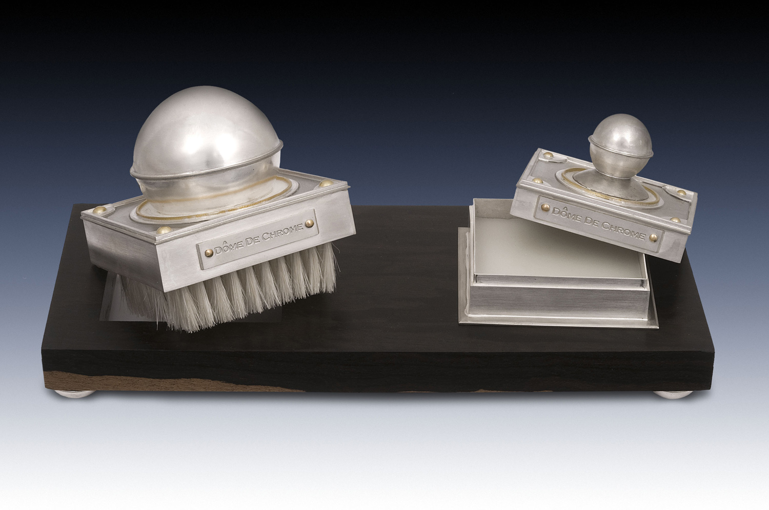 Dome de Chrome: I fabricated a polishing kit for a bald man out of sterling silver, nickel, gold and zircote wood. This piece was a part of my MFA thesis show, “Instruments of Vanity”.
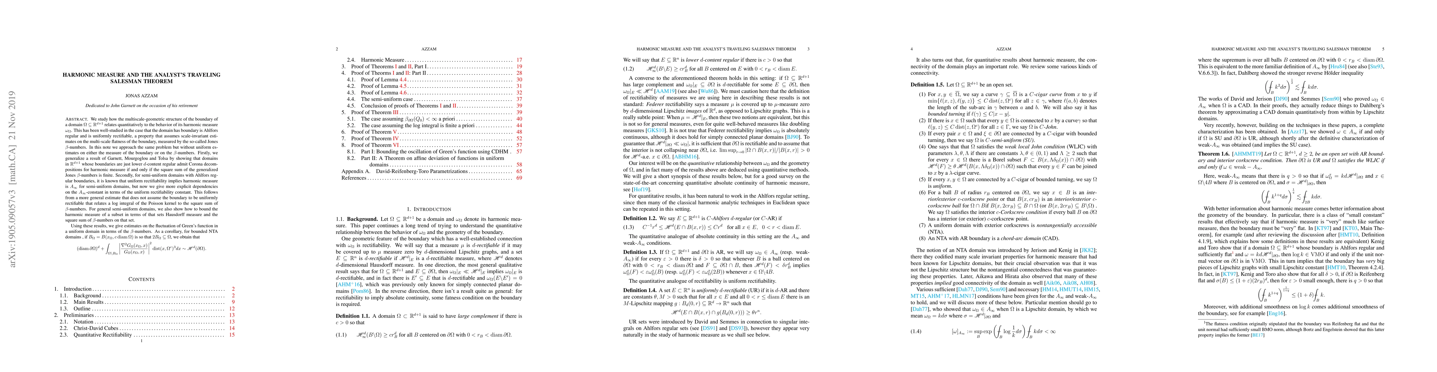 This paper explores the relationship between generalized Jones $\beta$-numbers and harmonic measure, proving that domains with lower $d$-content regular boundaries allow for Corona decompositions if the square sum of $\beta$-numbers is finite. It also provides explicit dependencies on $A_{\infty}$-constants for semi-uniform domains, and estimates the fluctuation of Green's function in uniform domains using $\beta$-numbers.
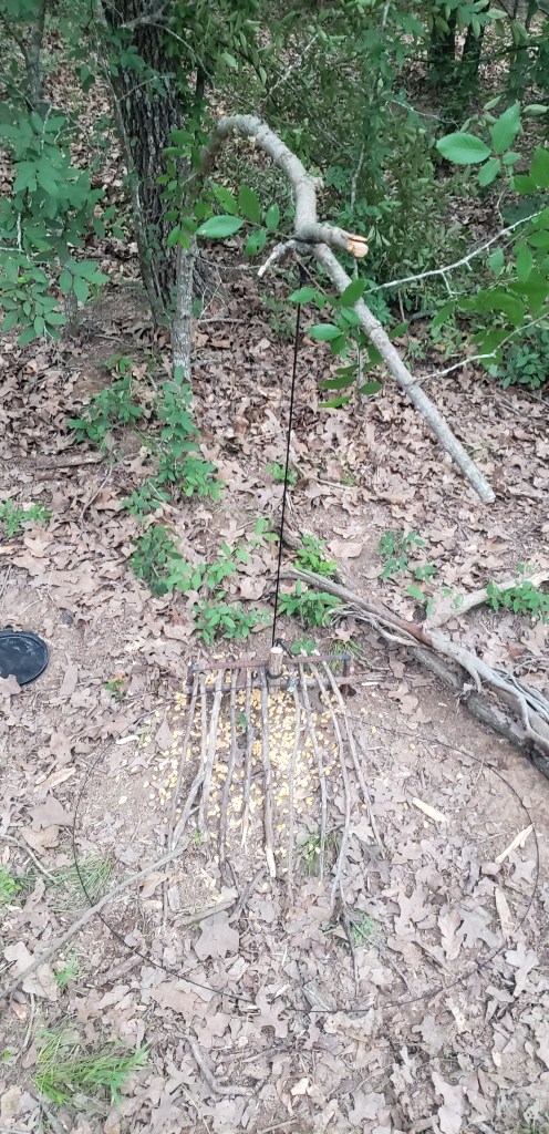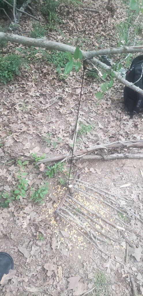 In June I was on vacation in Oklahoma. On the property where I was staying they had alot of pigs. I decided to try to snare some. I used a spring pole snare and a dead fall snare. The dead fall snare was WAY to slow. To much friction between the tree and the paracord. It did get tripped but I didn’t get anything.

* **PROBLEM REQUIREMENTS**: Would you restate, word for word, the lines from the one holding "This paper explores" through the end of the material above? Omit the pictures.

* **RESPONSE AREA**:
 This paper explores the relationship between generalized Jones $\beta$-numbers and harmonic measure, proving that domains with lower $d$-content regular boundaries allow for Corona decompositions if the square sum of $\beta$-numbers is finite. It also provides explicit dependencies on $A_{\infty}$-constants for semi-uniform domains, and estimates the fluctuation of Green's function in uniform domains using $\beta$-numbers.
 In June I was on vacation in Oklahoma. On the property where I was staying they had alot of pigs. I decided to try to snare some. I used a spring pole snare and a dead fall snare. The dead fall snare was WAY to slow. To much friction between the tree and the paracord. It did get tripped but I didn’t get anything.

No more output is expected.